In fact, the groundwork was laid during a secret meeting of a number of
Germany’s principal industrialists in Strasbourg, France, in August 1944. At this
meeting, plans were drafted for the repatriation of German funds to other
countries in preparation for the development of a new German empire based on
global trade and investment.
There followed the establishment of the Vatican “ratlines,” an
interconnection of underground safe houses and transit routes whereby SS officers and
Nazi Party members escaped from Europe only to turn up in foreign countries
under a new name, complete with a new identity. Many of these senior Nazi party
members headed for Latin America. Once ensconced in their new abodes, they
became respectable businessmen or technocrats attached to some of global business
’s most respected names. Others were involved in training the military and
security forces of various dictators in Latin America as that continent
headed into its revolutionary phase of coup and countercoup following World War
ii. Many supplied support as secret service agents during the Cold War when the
Soviet Union was involved in trying to destabilize the region.
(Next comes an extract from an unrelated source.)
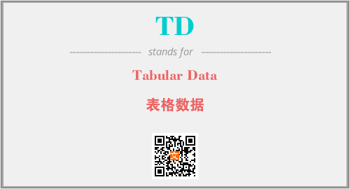 上述内容是“Tabular Data”作为“TD”的缩写,解释为“表格数据”时的信息,以及英文缩略词TD所代表的英文单词,其对应的中文拼音、详细解释以及在英文中的流行度和相关分类、应用领域及应用示例等。
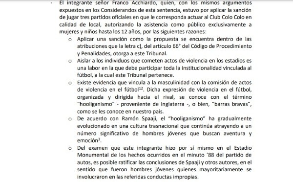 En el fallo, el cual es de público acceso mediante la web de la ANFP, Acchiardo expone seis puntos del por qué el castigo, en caso de haber sido distinto, podría haber ayudado a la erradicación gradual de la violencia en los estadios.

Ironically, this was often done with the support of the U.S. in the
interests of waging the Cold War against the Soviets. In other instances, the
Americans simply turned a blind eye, as long as they continued to receive
intelligence from these agents, who were in fact working toward their own fascist ends.
Inroads
By the late 1940s, German officers had largely penetrated the military and
security forces of Argentina. Krupp’s industrial strength was well established
in Brazil. Hitler’s Croat “Ustashi” Chief Ante Pavelic was heavily
influencing security in Paraguay. Nazi intelligence agents populated ig Farben
(Bayer) in Chile and Venezuela, and Nazi Party organizers of Brueckmann & Co. were
firmly on the ground in Ecuador.
Since then, German businesses, their path often smoothed by agents of the
Holy See, have increasingly led the penetration of the European Union into key
industrial, agricultural and commercial industries within Latin America.
German corporate giants such as Krupp, Siemens, Bayer, Volkswagen, I.G. Farben
and Deutsche Bank steadily became household names across the Central American
isthmus, through that crossroads of intrigue, Panama, and clear down to
southern Chile and Argentina.
From the time of Germany’s reunification and the resultant push for a
stronger political voice on the world stage, the EU has stepped up its infiltration
of Latin America. Earlier this year it even established an office in Cuba,
right on the U.S.’s back doorstep (see “Communism to Catholicism?” in our May
issue).
EU and Mercosur
On November 25, 1999, after signing a historic free-trade agreement with
Mexico, the EU announced that it was working to conclude formal talks toward a
free-trade pact with the entire Latin American region, thus combining what is
known as the Rio Group (which includes Central America, the Andean Community
and Mercosur) with Cariforum (which includes all Caribbean countries). The
crowning jewel, however, is clearly the Latin American common market—Mercosur.
Since that time, both sides have moved rapidly toward the 2004 deadline for
signing a formal agreement on free trade.
Mercosur is a vast economic bloc incorporating Argentina, Brazil, Paraguay
and Uruguay with Chile and Bolivia as associate members. It is actually based
upon the EU common market model, but without the supranational institutions.
The EU has long planned to use an agreement with the us$1 trillion Mercosur
market to gain control of the region. The EU-Mercosur free-trade agreement
will cover 90 percent of two-way trade. This new “strategic alliance” directly
usurps U.S. efforts to garner greater economic prosperity from the region.
Brazil and Argentina have the greatest bilateral trade among Mercosur
members. Both countries, presently being stimulated to economic recovery, are set
to dominate the southern continent’s relations with the EU. Significantly,
the newly elected German Catholic leader of Argentina, Nestor Kirchner, has
declared support of EU-Latin America trade relations in preference to any trade
deals with the U.S.-dominated free trade association.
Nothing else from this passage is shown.